Rwanda : agriculture, la main (verte) de Pékin
Pour optimiser la productivité, l’accent est mis sur la recherche et la formation. Reportage à Rubona (Sud), où un centre sino-rwandais de démonstration des techniques agricoles vient d’être inauguré.
Rwanda : l’âge de raison
Dans l’avion qui l’a fait venir de Chine, il n’était pas le seul à s’expatrier en Afrique. Chefs de chantier, géologues, ingénieurs des mines ou du pétrole… À elle seule, la liste des passagers aurait pu témoigner de l’intérêt de Pékin pour les ressources du continent. Mais depuis son arrivée à Kigali, Lin Zhansen ne sonde pas les entrailles des collines à la recherche d’hydrocarbures – à l’exception du gaz piégé dans le lac Kivu, qui n’a pas retenu l’attention des Chinois, personne n’en a jamais découvert au Rwanda. Lui passe son temps à arpenter les rizières et autres plantations dans une petite vallée de la région de Huye (anciennement Butare, Sud). L’or dont il est venu faciliter l’extraction n’est donc pas noir, mais vert. Le secteur n’en est pas moins stratégique : plus de 75 % des Rwandais dépendent de l’agriculture, qui représente plus de 60 % des exportations du pays.
Pékin a mis le prix pour lui permettre de remplir cette mission : son salaire et ceux de onze de ses collaborateurs sont payés par le gouvernement chinois pendant trois ans. Il s’agit de gérer le Centre sino-rwandais de démonstration des techniques agricoles de Rubona, officiellement inauguré par le Premier ministre, Pierre-Damien Habumuremyi, le 24 avril. Le coût de ce centre, près de 5 millions d’euros, a lui aussi été financé par la Chine. L’objectif est double : améliorer les techniques agricoles par de la recherche sur le terrain et les enseigner aux agriculteurs locaux.
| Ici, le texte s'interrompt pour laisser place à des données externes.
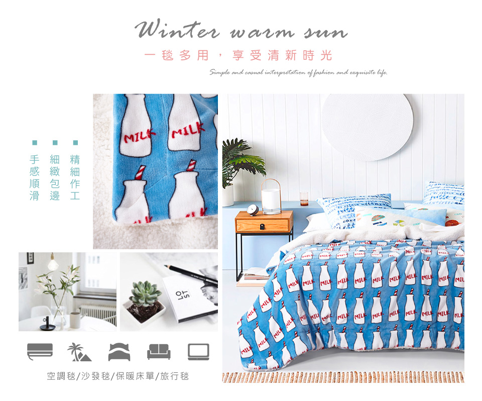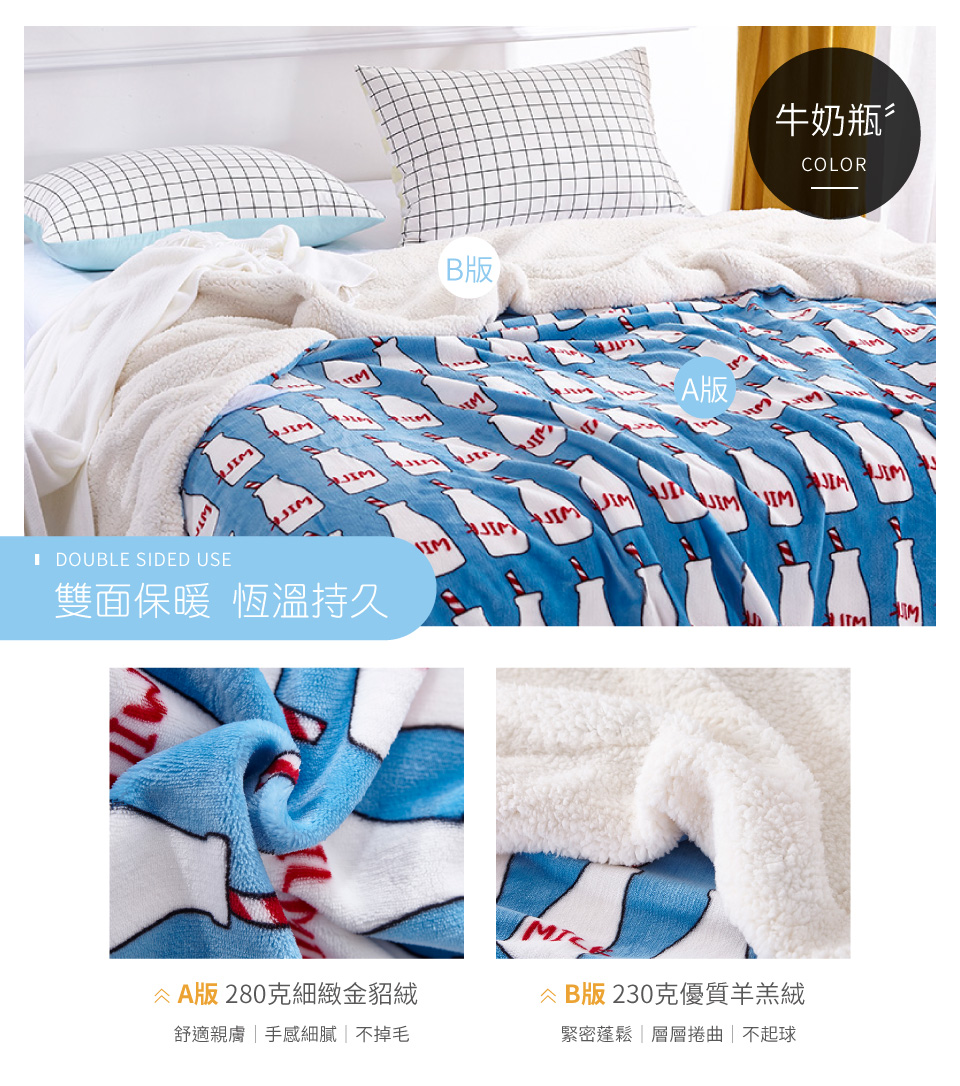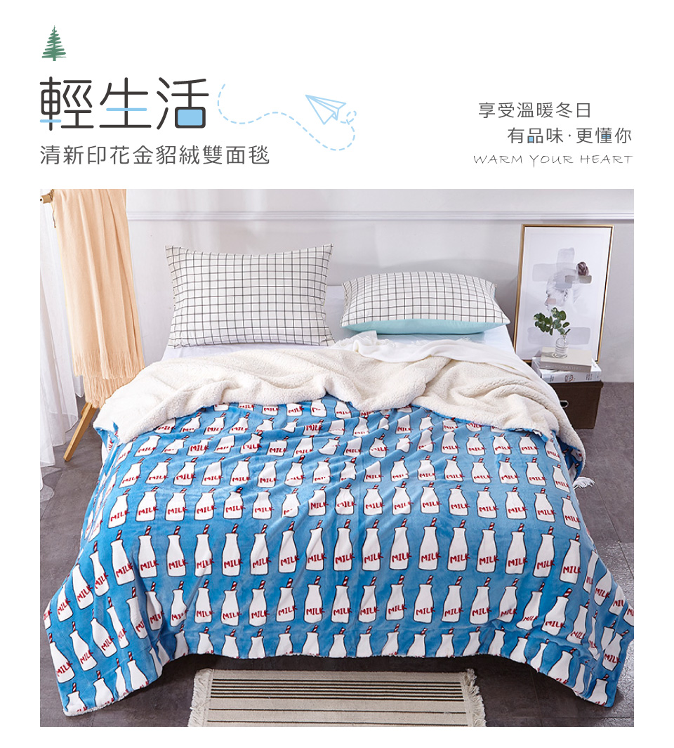 【Betrise貝翠絲】牛奶瓶 | 抗靜電升級款- 輕生活 清新印花暖柔金貂絨雙面毯150X200cm

Pour remplir leur première mission, les agronomes chinois n’ont pas perdu de temps : les roseaux, plantés pour abriter du soleil les cultures de champignons, dépassent déjà les 4 m de haut, et les plants de riz (de variété chinoise) irrigués sont à maturité. Des dizaines de variétés doivent encore être testées pour déterminer celle qui donnera les meilleurs rendements au pied des collines. « Je suis très content d’eux, assure Louis Butare, directeur régional de l’Office rwandais de l’agriculture (Rwanda Agriculture Board). Avant même la fin de la construction du centre, ils s’étaient déjà mis au travail pour que tout soit en place. »
Peinture fraîche
La transmission des connaissances, elle, est moins efficace. Le centre, désespérément vide en cette matinée de mai, sent la peinture fraîche comme au premier jour. Si les outils utilisés pour la récolte du riz n’étaient pas maculés de terre (ils sont prêtés aux paysans du voisinage), on pourrait même douter de l’utilité du lieu. Un peu plus d’un an après son ouverture officieuse, en avril 2011, quelque 400 Rwandais sont venus apprendre à faire pousser des champignons, construire des terrasses qui retiennent sols et eau (un problème majeur sur les collines)… On est encore loin de l’objectif de 600 techniciens et 3 000 agriculteurs formés en trois ans.
Très à cheval sur la maîtrise de son budget, Kigali accorde un soutien souvent parcimonieux aux projets de développement qu’il ne maîtrise pas pleinement. Ainsi, les logements que le Rwanda devait construire pour héberger les agriculteurs le temps des formations (de trois à cinq jours pour les plus courtes) ne sont pas encore sortis de terre. « Je n’ai le budget que pour faire venir entre 200 et 300 personnes tous les six mois, indique Louis Butare. Mais je peux payer le transport aux experts chinois pour qu’ils aillent enseigner leurs techniques dans les villages », ajoute-t-il, évoquant la méthode habituellement employée par le ministère de l’Agriculture. Le centre de démonstration sino-rwandais de Rubona, lui, pourrait bien sentir la peinture encore longtemps.